> Prompt
Within the lines below, the span from the line with "Design and Style: This" to the line with "Der Kalender ist", both ends included, is to be reproduced exactly, with pictures omitted.

> Source material
****

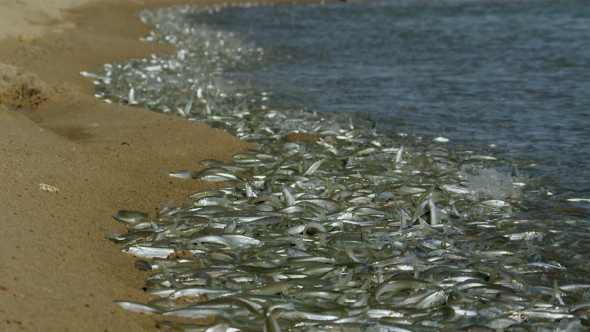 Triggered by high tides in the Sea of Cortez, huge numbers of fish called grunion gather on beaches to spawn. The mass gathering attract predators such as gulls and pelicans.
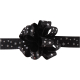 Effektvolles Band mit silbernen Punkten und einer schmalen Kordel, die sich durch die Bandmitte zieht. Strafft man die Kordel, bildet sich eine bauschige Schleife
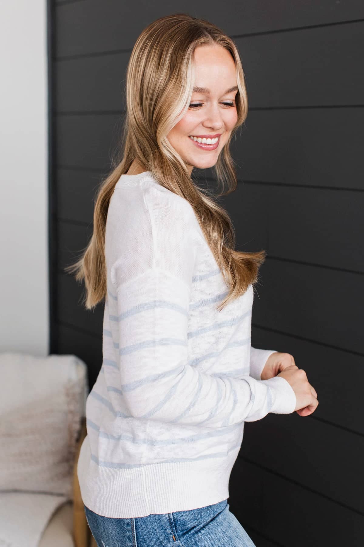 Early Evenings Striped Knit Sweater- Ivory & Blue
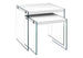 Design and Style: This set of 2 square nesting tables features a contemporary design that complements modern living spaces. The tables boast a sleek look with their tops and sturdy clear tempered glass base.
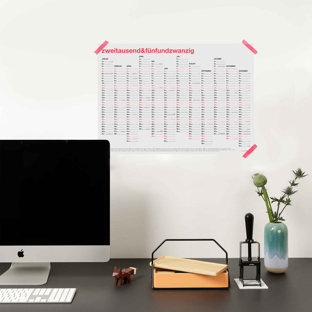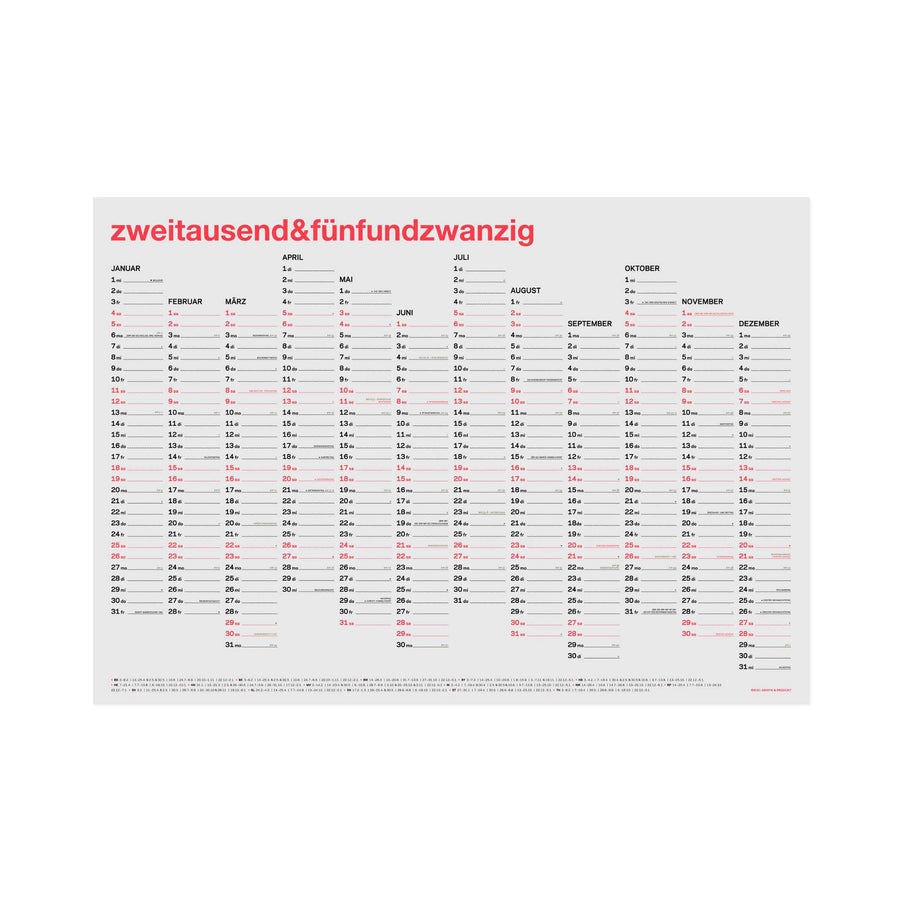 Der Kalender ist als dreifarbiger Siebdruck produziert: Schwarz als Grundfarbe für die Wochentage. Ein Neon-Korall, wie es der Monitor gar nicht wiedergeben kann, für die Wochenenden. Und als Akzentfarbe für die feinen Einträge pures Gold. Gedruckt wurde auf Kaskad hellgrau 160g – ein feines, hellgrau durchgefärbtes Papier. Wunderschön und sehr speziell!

****

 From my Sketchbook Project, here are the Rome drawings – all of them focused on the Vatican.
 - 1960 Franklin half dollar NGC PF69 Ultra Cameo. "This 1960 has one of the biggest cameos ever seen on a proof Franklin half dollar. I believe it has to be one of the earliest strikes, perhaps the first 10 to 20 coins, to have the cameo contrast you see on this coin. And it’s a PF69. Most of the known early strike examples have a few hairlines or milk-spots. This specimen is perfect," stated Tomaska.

****

> Response area
 Design and Style: This set of 2 square nesting tables features a contemporary design that complements modern living spaces. The tables boast a sleek look with their tops and sturdy clear tempered glass base.
 Der Kalender ist als dreifarbiger Siebdruck produziert: Schwarz als Grundfarbe für die Wochentage. Ein Neon-Korall, wie es der Monitor gar nicht wiedergeben kann, für die Wochenenden. Und als Akzentfarbe für die feinen Einträge pures Gold. Gedruckt wurde auf Kaskad hellgrau 160g – ein feines, hellgrau durchgefärbtes Papier. Wunderschön und sehr speziell!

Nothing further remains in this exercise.